=== SUPPLIED DATA ===

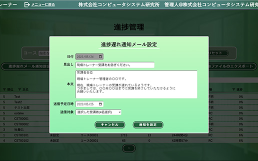 管理者は進捗が遅れている受講者に対して「進捗遅れ通知メール」を送信し、受講を促す事ができます。
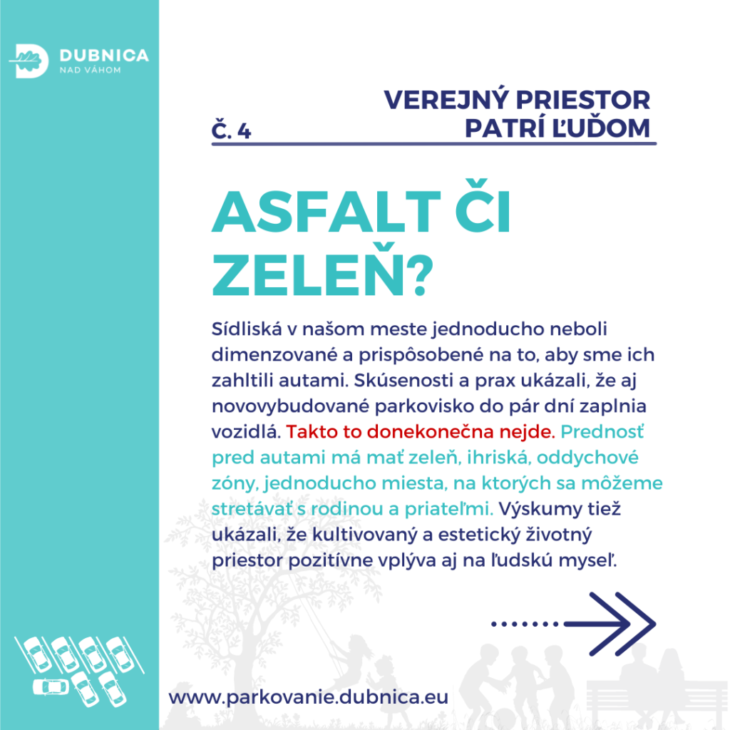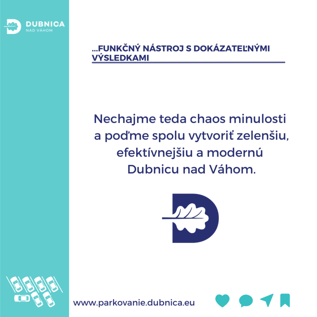 Mesto Dubnica nad Váhom sa na zavedenie regulácie statickej dopravy dobre pripravilo. Celý systém sa kreoval v úzkej spolupráci s ďalšími mestami, ktoré majú reguláciu dopravy zavedenú už dlhodobo a môžu sa teda pochváliť konkrétnymi výsledkami. Nezavádzali sme nič nové a čo je najpodstatnejšie, nezavádzali sme nič neoverené. Autá síce nemusia zmiznúť, ale presunú sa zo zelene, zo zákrut, z ciest, z križovatiek a z miest, kde tvoria prekážku pre peších či matky s kočiarikmi. Možno vždy nenájdete voľné parkovacie miesto v tesnej blízkosti vášho bytového domu, ale nájdete ho minimálne v blízkej a prijateľnej vzdialenosti. Za vašu bezpečnosť to istotne stojí.
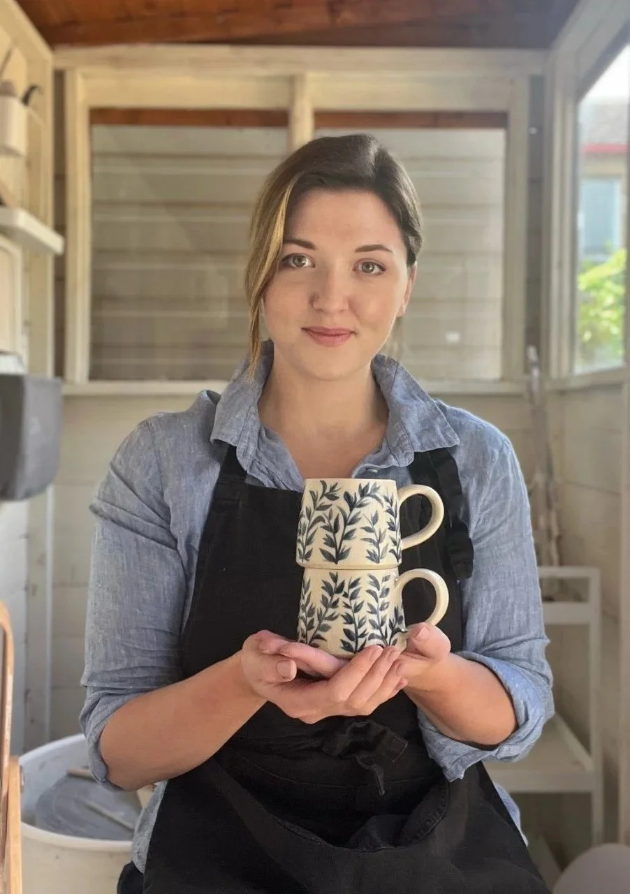 I work with a variety of stoneware clays and hand paint my pieces using cobalt blue slip. I decorate my work with free-hand patterns and abstract brush strokes inspired by nature and the landscapes that surround me. My aim is to create pottery that is rustic and sturdy in form yet intricate and ornate in design. My work is designed for every day use in the hope of adding a little joy to daily rituals.

===

## EXERCISE GOAL
Please output the data above exactly as given, omitting every picture.

## ANSWER SPACE
 管理者は進捗が遅れている受講者に対して「進捗遅れ通知メール」を送信し、受講を促す事ができます。
 Mesto Dubnica nad Váhom sa na zavedenie regulácie statickej dopravy dobre pripravilo. Celý systém sa kreoval v úzkej spolupráci s ďalšími mestami, ktoré majú reguláciu dopravy zavedenú už dlhodobo a môžu sa teda pochváliť konkrétnymi výsledkami. Nezavádzali sme nič nové a čo je najpodstatnejšie, nezavádzali sme nič neoverené. Autá síce nemusia zmiznúť, ale presunú sa zo zelene, zo zákrut, z ciest, z križovatiek a z miest, kde tvoria prekážku pre peších či matky s kočiarikmi. Možno vždy nenájdete voľné parkovacie miesto v tesnej blízkosti vášho bytového domu, ale nájdete ho minimálne v blízkej a prijateľnej vzdialenosti. Za vašu bezpečnosť to istotne stojí.
 I work with a variety of stoneware clays and hand paint my pieces using cobalt blue slip. I decorate my work with free-hand patterns and abstract brush strokes inspired by nature and the landscapes that surround me. My aim is to create pottery that is rustic and sturdy in form yet intricate and ornate in design. My work is designed for every day use in the hope of adding a little joy to daily rituals.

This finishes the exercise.